Восьмидесятилетняя дама, держащая себя прямо, положила костлявые, но сильные ладони на колени и чему-то улыбнулась. Она сидела на изящном дубовом стуле, облаченная в вечернее платье дорогого покроя, и смотрела на заплаканную дочь. Та напоминала свою мать только четко очерченными скулами. К неудовольствию седой леди, молодая особа облачилась в современный костюм темно-зеленного сатина, она не сняла красивых остроносых туфелек и теперь, когда девушка нервно проводила своей ножкой в сторону, оставляла на ковре незначительный пыльный след.

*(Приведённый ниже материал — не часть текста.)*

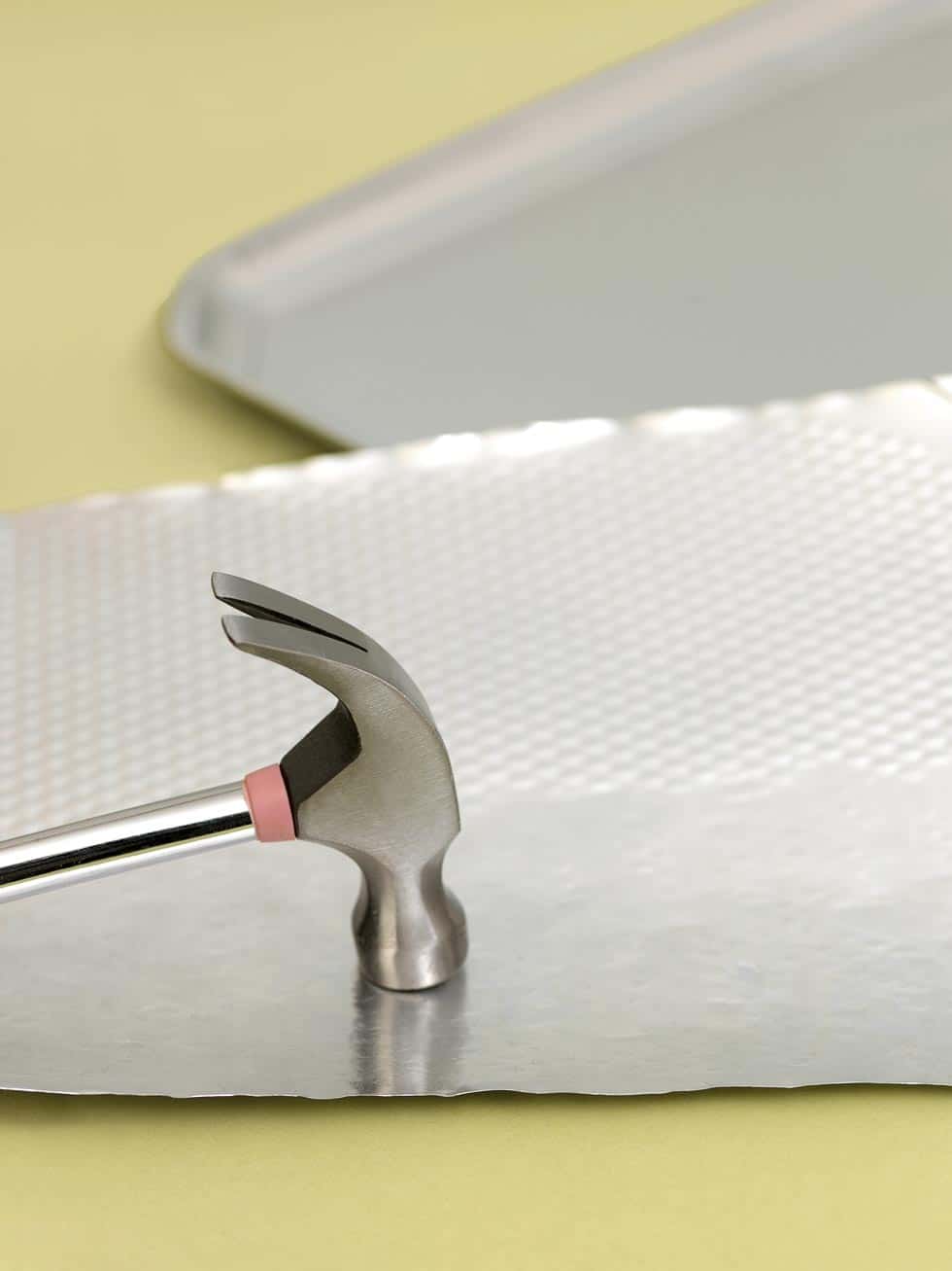 Wir nehmen als Ausgangsmaterial eine Aluschale, die beim Grillen häufig verwendet wird und geradzu überall erhältlich ist. Klopft die Aluschale mit einem Hammer flach, damit die Struktur geglättet.

Но незначительным в этом доме был только муж девушки, спящий без задних ног на втором этаже в спальне для гостей.
Большой свет был погашен. Горели только две бра по углам гостиной, заполняя пространство вокруг теплым, уютным желтоватым светом. Не хватало, наверное, старого английского камина в стене.
Мать приоткрыла тонко подведенные губы, сдержанно вздохнула и провела ладонями по безупречно отглаженному (чего нельзя было сказать про костюм дочери) платью.

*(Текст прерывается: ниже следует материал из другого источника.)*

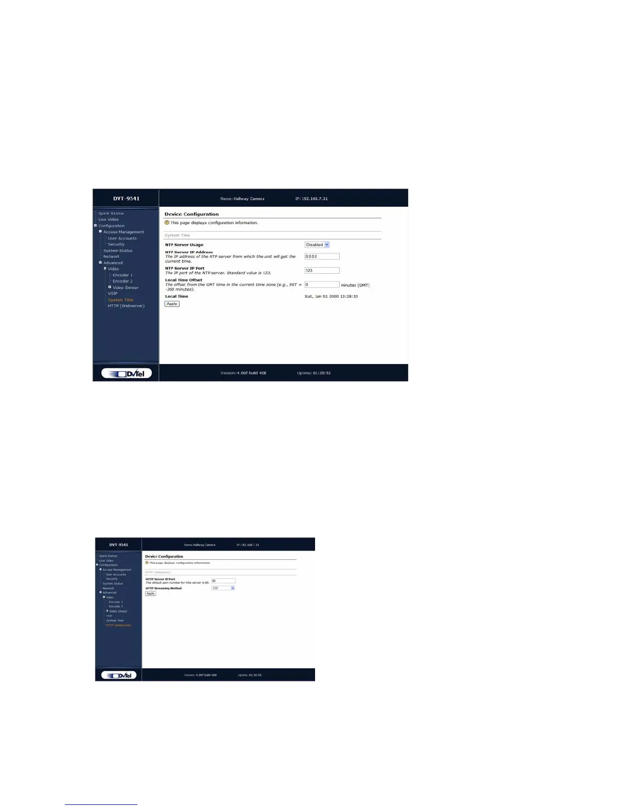 HTTP Server IP Port—The port number of the HTTP server. The default is 80.

- Он тебя когда-нибудь бил, - спросила седая женщина. Голос ее был пугающе холоден и жесток.
- Однажды... Ну может пару раз, - тихо ответила дочь не поднимая взгляда. Все ее внимание было поглощено пыльными следами от туфель на красивом темно-синем ковре.
- Когда?
- Я не понимаю... Мама, я же тебе все рассказывала, - умоляюще начала девушка.
- Когда он тебя бил? И будь любезна, когда отвечаешь на мои вопросы, смотреть мне в глаза. Я хочу, чтобы ты видела в них свое отражение. Я хочу видеть твой стыд.
- ... Мама... Он напивается... Домогается и я отказываю... - дочь попыталась поднять голову, но не смогла. От беспомощности она тихо всхлипнула.
- Он принуждал тебя. Ты ведь знаешь, что он самая настоящая свинья? Ты же помнишь, что говорили мы, твои родители, когда ты принесла нам весть о своем замужестве?
- Да... Я прекрасно все помню, - девушка подняла глаза и вцепилась в лицо матери ненавидящим взором, - Это произошло в начале мая. Был чудесный день, я летела домой, словно на крыльях, легкая, как перышко. Вы сказали, что он дворовый пес. Что нам не пристало якшаться с рванью, с животными, с кобелями, со свиньями! - она с силой сжала кулаки. - Я все помню, мамочка! Я отлично все помню! И что теперь мне прикажешь? К стенке? Может вскрыть вены?!!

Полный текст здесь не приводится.